World Leaders Issue Proclamation Underlining ‘Irreversible’ Momentum

Marrakech, 18 November 2016—Countries accelerated global climate action across a broad range of areas at the 2016 UN climate change conference as they fast-tracked the political and practical aims of the historic Paris Climate Change Agreement.

Multi-billion and multi-million dollar packages of support for clean technologies; building capacity to report on climate action plans, and initiatives for boosting water and food security in developing countries were also among the many new announcements and initiatives launched.

Meanwhile governments set a rapid deadline of 2018 to complete the rule book for operationalizing the Paris Agreement to ensure confidence, cooperation and its success over the years and decades to come.

Businesses, investors, cities and local governments also issued new climate change commitments, adding to the thousands announced in the run up to the Paris climate conference last year.

For example, a club of subnational governments, the Under2 Coalition, who have committed to reduce their emissions by at least 80 percent by 2050, announced their membership has grown to 165.

  • The combined GDP of these 165 members is close to $26 trillion – a third of the global economy – and cover a population of around one billion people living in North America, Europe, Latin America, Africa and Asia.

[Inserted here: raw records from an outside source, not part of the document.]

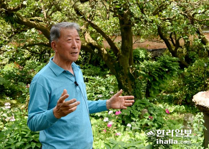 [한라일보] 불현듯 찾아온 만남처럼 나무와 인연을 맺었다. 한 그루 두 그루 더 심은 게 시작이 됐다. 꽃 하나, 풀 한 포기도 손수 뿌리내리게 했다. 텅 비었던 2000여 평의 땅이 이제는 수많은 생명을 품는다. 올해로 20여 년째 정원을 가꾸고 있는 김학우(67) 씨의 이야기다.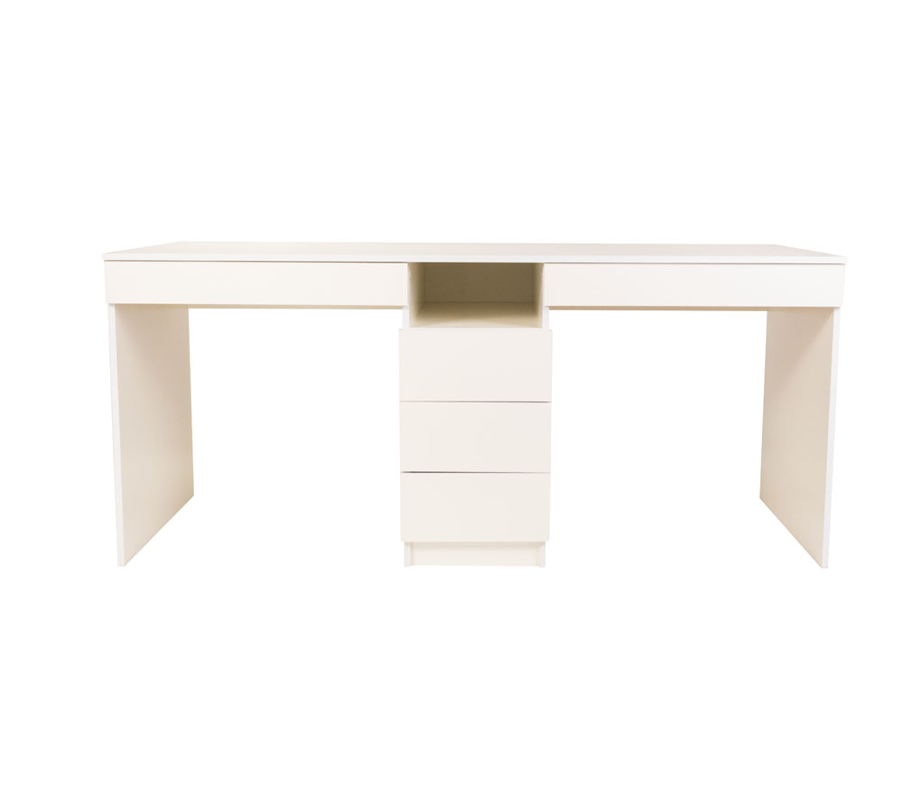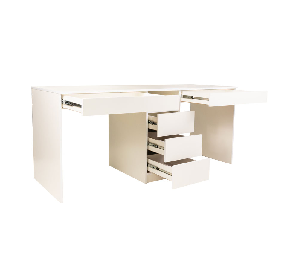 Имеется 3 вместительных ящика посередине на шариковых направляющих, а также под каждым рабочим местом.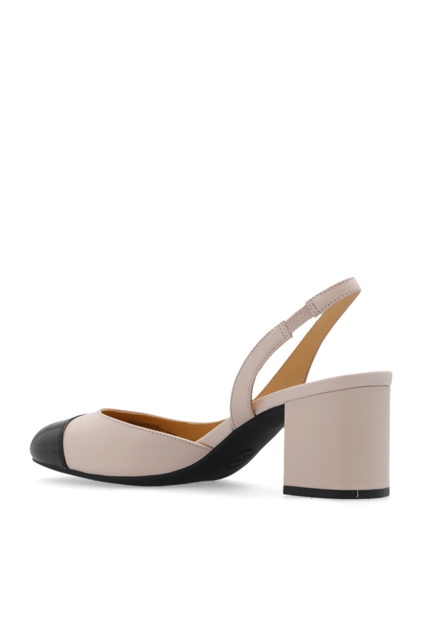 Beige and black pumps from Michael Michael Kors. Made of leather, this pair features an elastic sling back and black rubber sole.

The Climate Vulnerable Forum a group of more than 40 vulnerable nations, released a declaration that strengthens the call to limit global temperature rise to as close to 1.5 degrees Celsius as possible.

  • Their Marrakech Vision commits these countries to various ambitious aims, including achieving 100% renewable energy between 2030 and 2050.

Several countries – Canada, Germany, Mexico and the United States – announced ambitious climate strategies out to 2050, reflecting the long-term goal of the Paris Agreement to achieve climate neutrality and a low-emission world in the second half of the century.

Patricia Espinosa, Executive Secretary of the UN Framework Convention on Climate Change (UNFCCC), said, “The landmark Paris Agreement set the course and the destination for global climate action. Here in Marrakech, governments underlined that this shift is now urgent, irreversible and unstoppable”.

This new era of implementation and action for climate and for sustainable development was captured in the Marrakech Action Proclamation.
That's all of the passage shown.